The in vitro and in vivo competition assays were described previously.6 Tumor spleens and nodules were imaged in brightfield and epifluorescence by a Zeiss Discovery V08 Stereo microscope (Carl Zeiss, Peabody, MA).
Pharmacologic inhibitors of Syk
R406 and R78818 were provided by Rigel Pharmaceuticals (South San Francisco, CA). R788 was administered to mice intraperitoneally (IP) at 80 mg/kg per day.
Cell viability and apoptosis assays
MTS cell viability assays were performed using the Celltiter 96 reagent (Promega, Madison, WI) as previously described.19 Briefly, a 2-fold titration of R406 was made and 2.5 × 104 live cells added per well in a 96-well plate and allowed to incubate overnight before addition of MTS reagent. For data analysis, the value for media alone was subtracted from all wells as background, and then all samples were normalized to the value of the well without R406.

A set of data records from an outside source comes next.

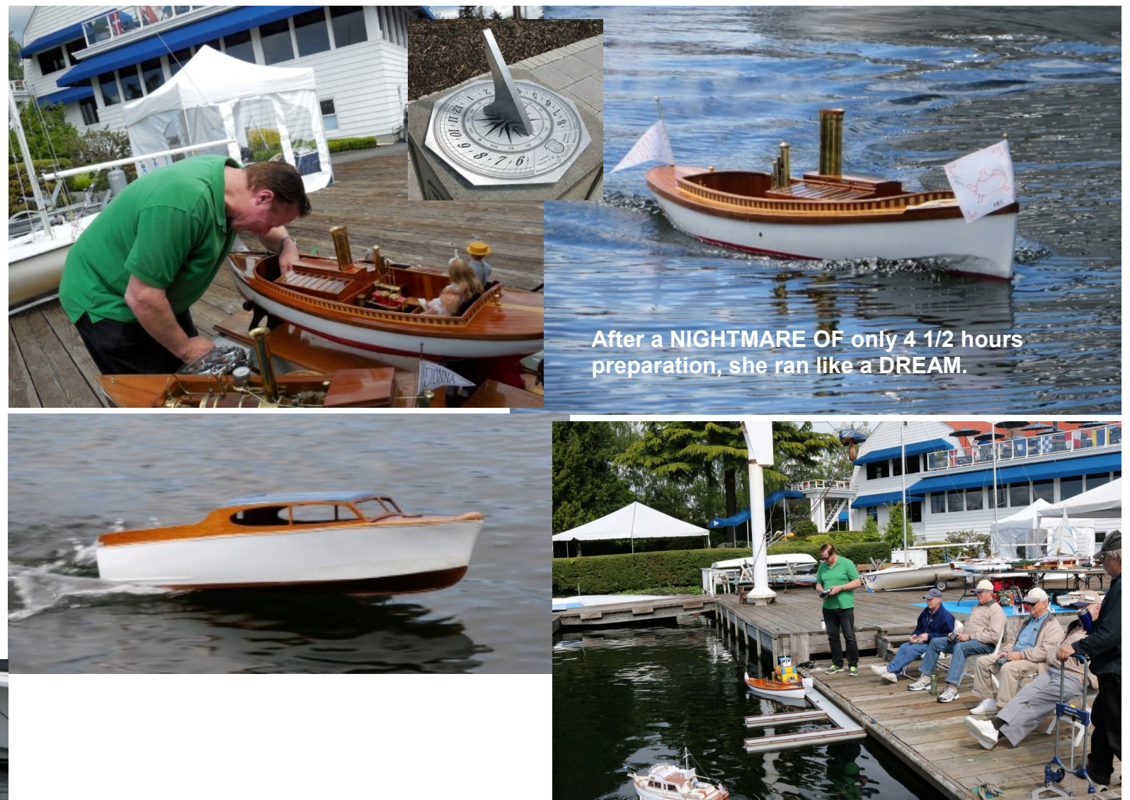
After a NIGHTMARE OF only 4 1/2 hours preparation, she ran like a DREAM.

From the Bridge (cont.) judge is looking for on their part of the course. Oh, also practice backing, a word to the wise. And for those planning to enter boats into the scale judging contest there are two classes: work boats and non-work boats. Work boats are tugs, fishing boats, buoy tenders, some Coast Guard boats and the like, all others are non-work boats. The head judge makes any final decisions. Those entering the scale judging contest should spruce up your boats, remove the dust mites that have collected over the year, straighten handrails and insure the boat is in inspection order. Add those extra little details you've been putting off. Such actions will make a difference in the boats score. Weathering is great but dust isn't.
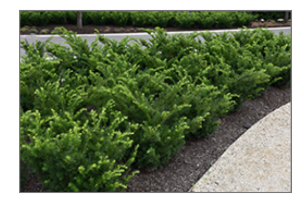
Densiformis Yew

Densiformis Yew is a dense multi-stemmed evergreen shrub with an upright spreading habit of growth. Its relatively fine texture sets it apart from other landscape plants with less refined foliage.
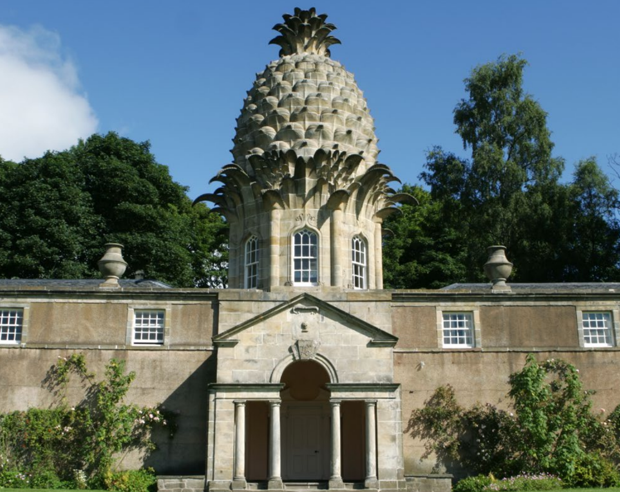
The Pineapple, Dunmore

Our charity rescues and restores historic buildings, transforming them into uplifting holiday accommodation. Escape the everyday in castles, forts, towers and cottages across Scotland and beyond.
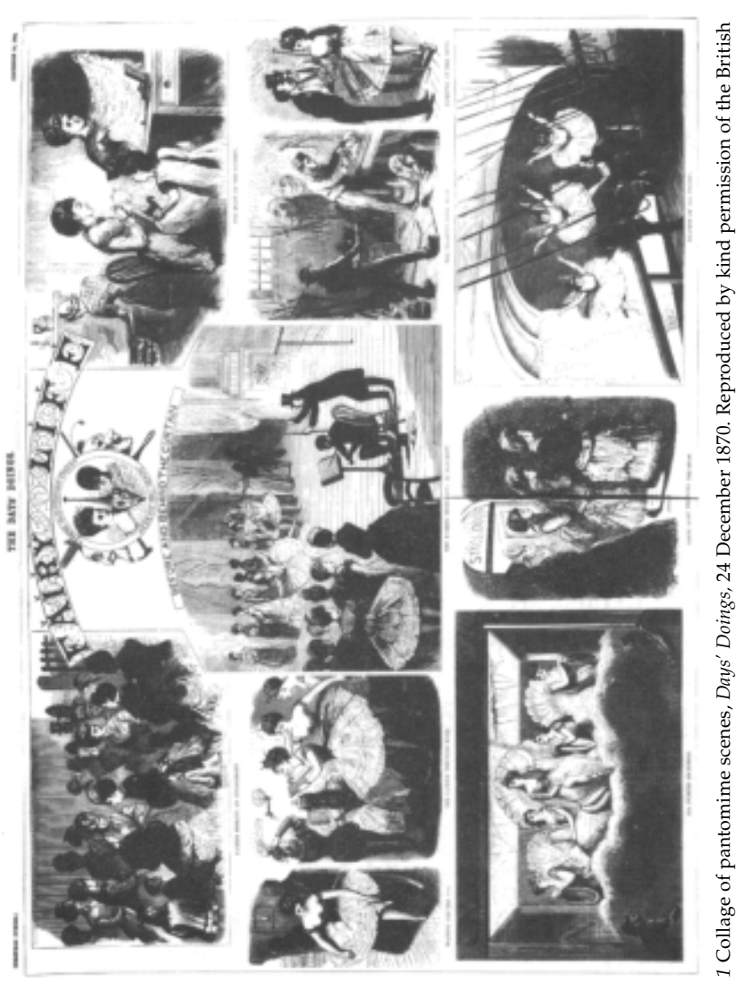
1 Collage of pantomime scenes, Days' Doings, 24 December 1870.
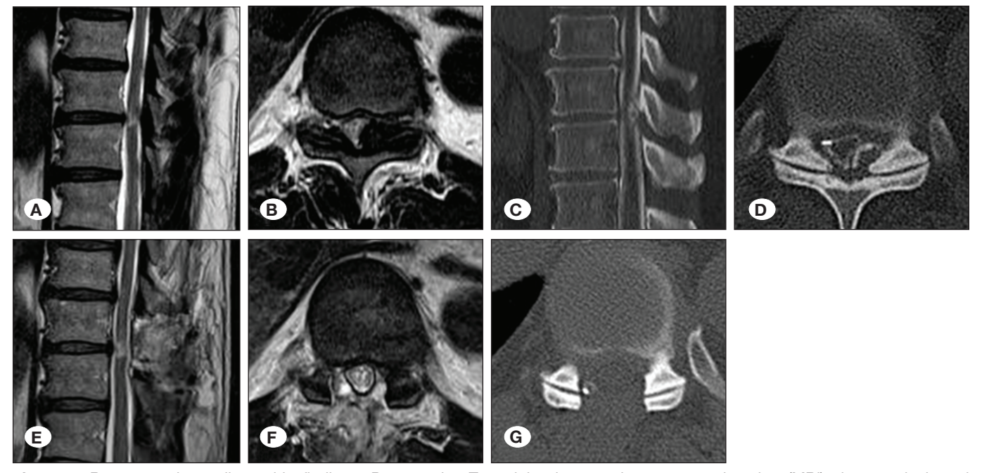
Figure 1: Representative radiographic findings. Preoperative T2-weighted magnetic resonance imaging (MRI) shows spinal cord compression and intramedullary signal change ( A and B ). Preoperative computed tomography (CT) myelography shows ossified ligamentum flavum ( C and D ). Postoperative MRI shows the decompression and absence of epidural hematoma ( E and F ). Postoperative CT shows the resection of the ossified lesion and limited destruction of the facet ( G ).

Surgical outcomes were assessed using a modified Japanese Orthopaedic Association (mJOA) scoring system and the

Apoptosis was measured using either 7-amino-actinomycin D (7-AAD) or propidium iodide (PI). 7-AAD (EMD, Gibbstown, NJ) was performed as previously described.20 The protocol for PI staining was previously described.21 Cells for PI labeling were obtained through 2 methods. First, cells were infected with a virus possessing a GFP reporter gene and sorted for greater than 95% GFP expression, allowed to recover for 2 days, and then stained. Second, cells were infected with virus containing a Thy1.1 reporter gene. These cells would have a mix of infected (Thy1.1+) and uninfected (Thy1.1−) cells, and infected cells were determined by a fluorescein isothiocyante (FITC)–conjugated anti-Thy1.1 antibody (Becton Dickinson, Franklin Lakes, NJ). For both 7-AAD and PI analysis, necrotic cells were excluded based on their forward and side light scattering properties.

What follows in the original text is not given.